3. Take advantage of Anti-Spam software – Anti-spam software can help keep phishing attacks at a minimum. A lot of attacks come in the form of spam. By using Anti-spam software you can reduce many types of phishing attacks because the messages will never end up in your mailbox.
4. Use Anti-Spyware software –Keep Anti-Spyware down to a minimum by installing an active spyware solution and also scanning with a passive solution. If for some reason your browser is hijacked, Anti-Spyware software can often detect the problem and provide a fix.

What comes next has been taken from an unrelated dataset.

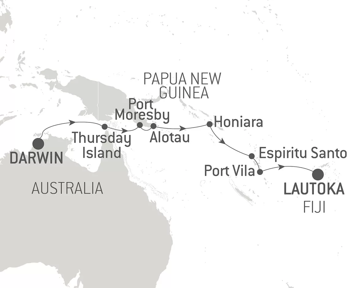 Маршрут круиза: Дарвин - море - море - о. Терсди-Айленд - море - о. Самарай - Алотау - о-ва Конфликт - море - Хониара - море - о. Эспириту-Санто - Луганвилл - Порт-Вила - Мистери-Айленд - море - Лаутока, о. Вити-Леву

5. Verify HTTPS – Whenever you are passing sensitive information such as credit cards or bank information, make sure the address bar shows “HTTPS://” rather than just “HTTP://” and that you have a secure lock icon at the upper or bottom corner of your Web browser. You can also double-click the lock to guarantee the third-party certificate that provides the HTTPS service. Many types of attacks are not encrypted but mimic an encrypted page. Always look to make sure the Web page is truly encrypted.
6. Get educated – Educate yourself on how to prevent these types of attacks. A little research on the Internet may save you a great deal of pain if you are ever the victim of identity theft. You can report any suspicious activity to the FTC (in the U.S.). You can also file a phishing complaint at www.ftc.gov. Another great resource is the FTC’s identity theft page to learn how to minimize your risk of damage from ID theft. Visit the FTC’s spam page to learn other ways to avoid e-mail scams and deal with deceptive spam.
7. Keep your system and applications up-to-date –By keeping your computer updated, you will protect your system and applications against known exploits that can be used in phishing attacks.
8. Use a desktop (software) and network (hardware) firewall – The incorporation of a firewall can prevent malicious code from entering your computer and hijacking your browser.
9. Keep a backup copy or image of your computer in case of foul play – You can then revert back to a pure system state if you suspect that a phishing attack, spyware, or malware has compromised the system.
10. Don’t enter sensitive or financial information into pop-up windows – A common phishing technique is to launch a bogus pop-up window when someone clicks on a link in a phishing e-mail message. This window may even be positioned directly over a window you trust. Even if the pop-up window looks official or claims to be secure, you should avoid entering sensitive information because there is no way to check the security certificate. Close the pop-up windows by clicking on the X in the top-right corner. Clicking cancel may send you to another link or download malicious code.
11. Secure the hosts file – A hacker can compromise the hosts file on a desktop system and send a user to a fraudulent site. Configuring the host file to read-only may alleviate the problem, but complete protection will depend on having a good desktop protection software that protect against tampering by outside attackers and keep browsing safe.
12. Protect against DNS pharming attacks – This is a phishing attack that doesn’t spam you with e-mails but poisons your local DNS server to redirect your Web requests to a different Web site that looks similar to a company Web site. For example, the user types in eBay’s Web address but the poisoned DNS server redirects the user to a fraudulent site. This needs to be handled by an administrator who can use modern security techniques to lock down the company’s DNS servers.